Did some legal research:

First of all, and perhaps the most important, (the liberals in the media don't want you to know this), The Supreme court did not rule in Lawrence V Texas that there is a "Fundamental Right" to homosexual sodomy. In fact this is one portion of the Bowers V Hardwick ruling that was left intact. In that case the court ruled:The Constitution does not confer a fundamental right upon homosexuals to engage in sodomy. None of the fundamental rights announced in this Court's prior cases involving family relationships, marriage, or procreation bear any resemblance to the right asserted in this case. And any claim that those cases stand for the proposition that any kind of private sexual conduct between consenting adults is constitutionally insulated from state proscription is unsupportable. Pp. 190-191.

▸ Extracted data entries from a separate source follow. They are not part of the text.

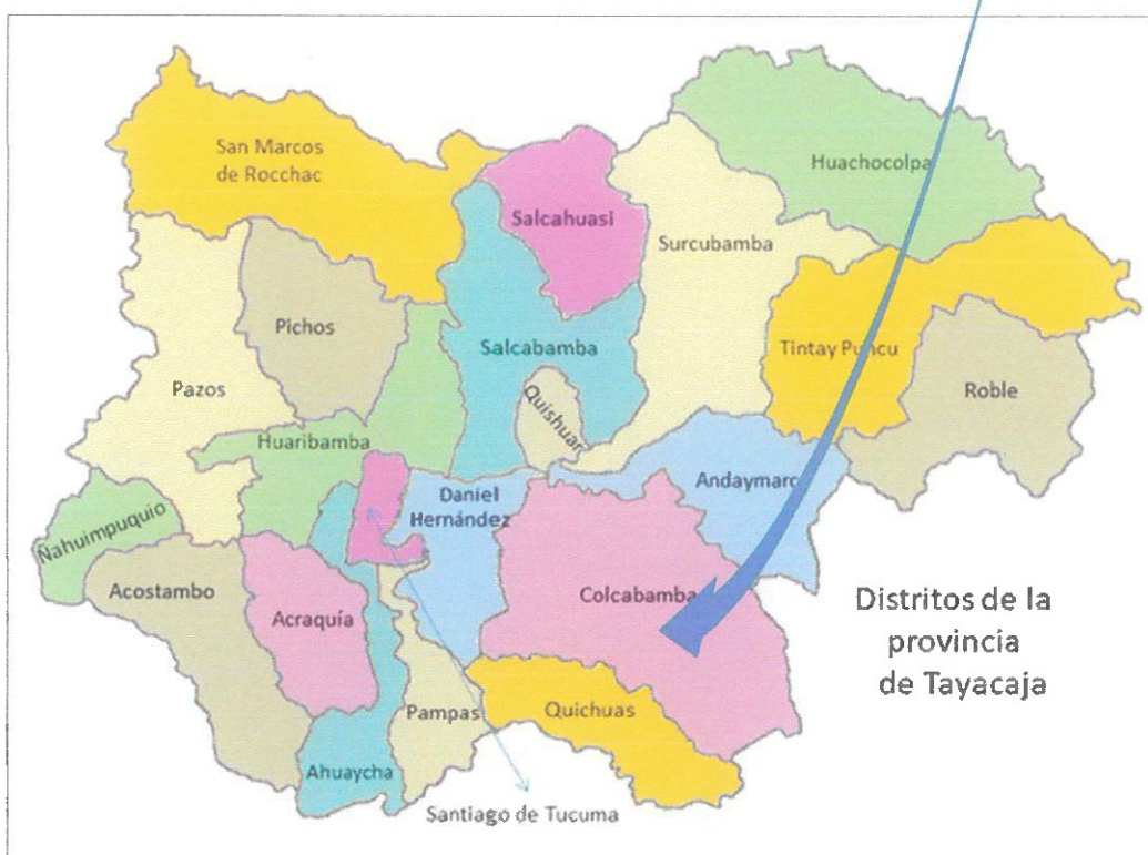
Localización de la Provincia al Distrito
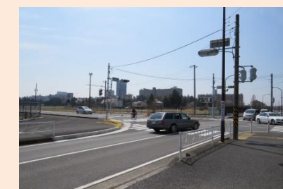
【開通後の 向陽小学校東交差点】
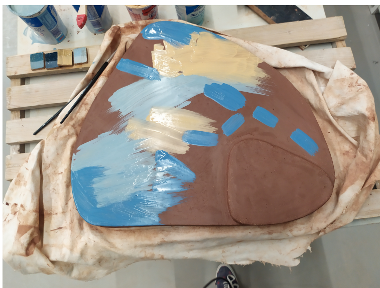
Obr. 17: Engobovanie (vrchná časť)
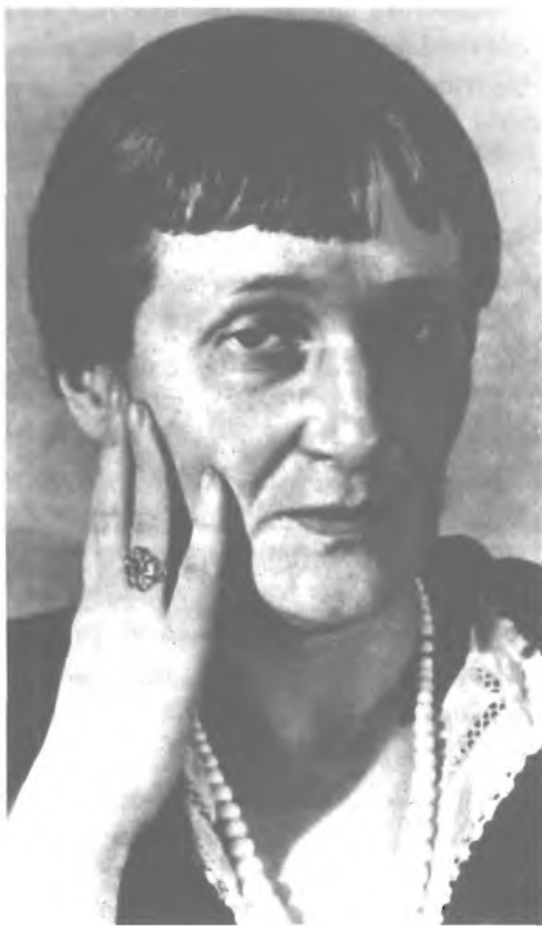
Анна Ахматова. 1941 г.
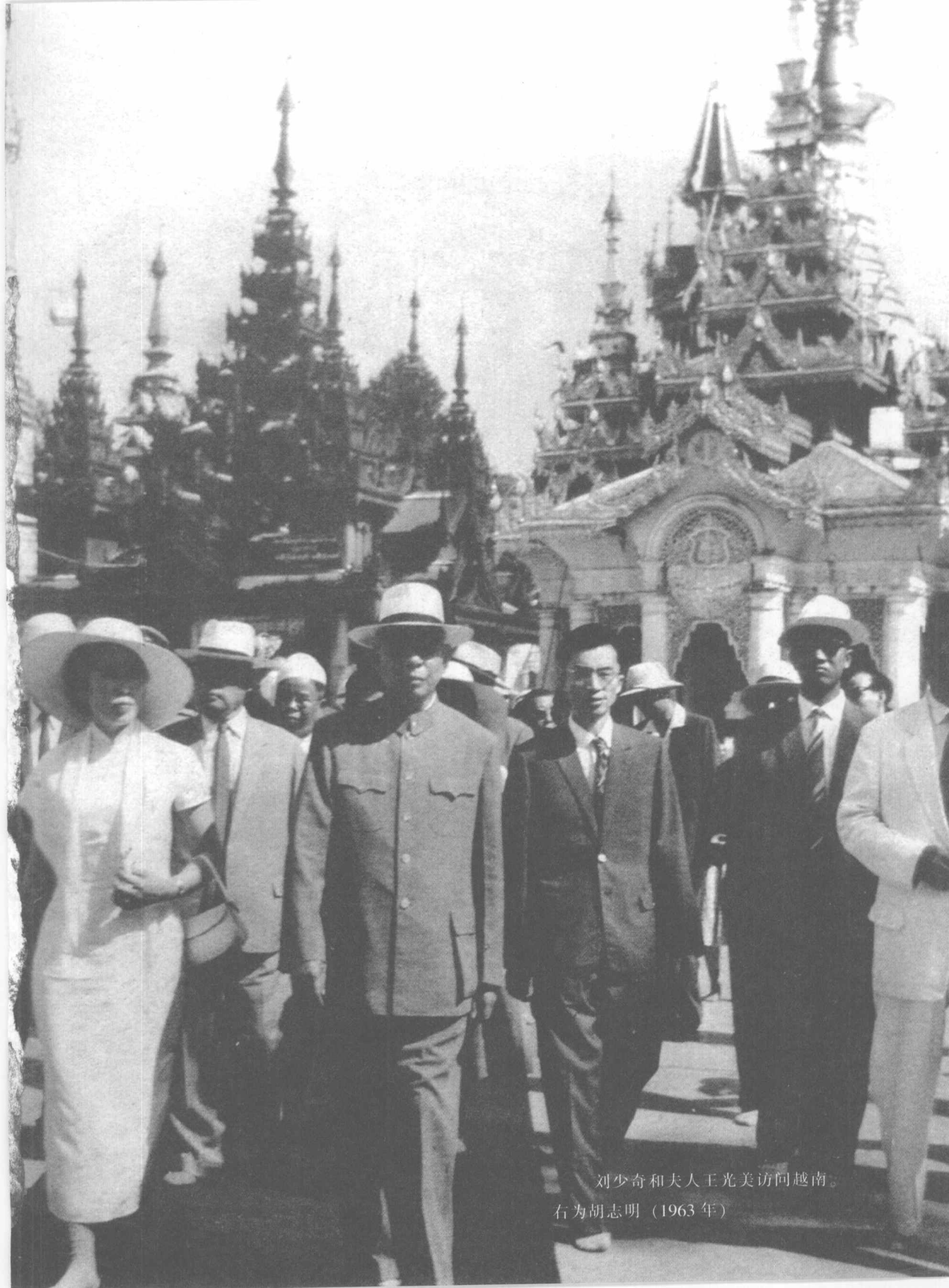
刘少奇和夫人王光美访问越南。 右为胡志明（1963年）

In order for something to be found a "Fundamental Right" and therefore be subject to a much higher standard of review (Strict Scrutiny) it must be "Some principle so rooted in the traditions and conscience of the people as to be ranked as fundamental." Snyder V Commonwealth of Massachusetts, 291 US 97 (1934).

This standard was upheld more recently in Reno V Flores 507 US 292 (1993) where again the court ruled that a Fundamental Right must be considered "So rooted in the traditions and conscience of our people as to be ranked as fundamental."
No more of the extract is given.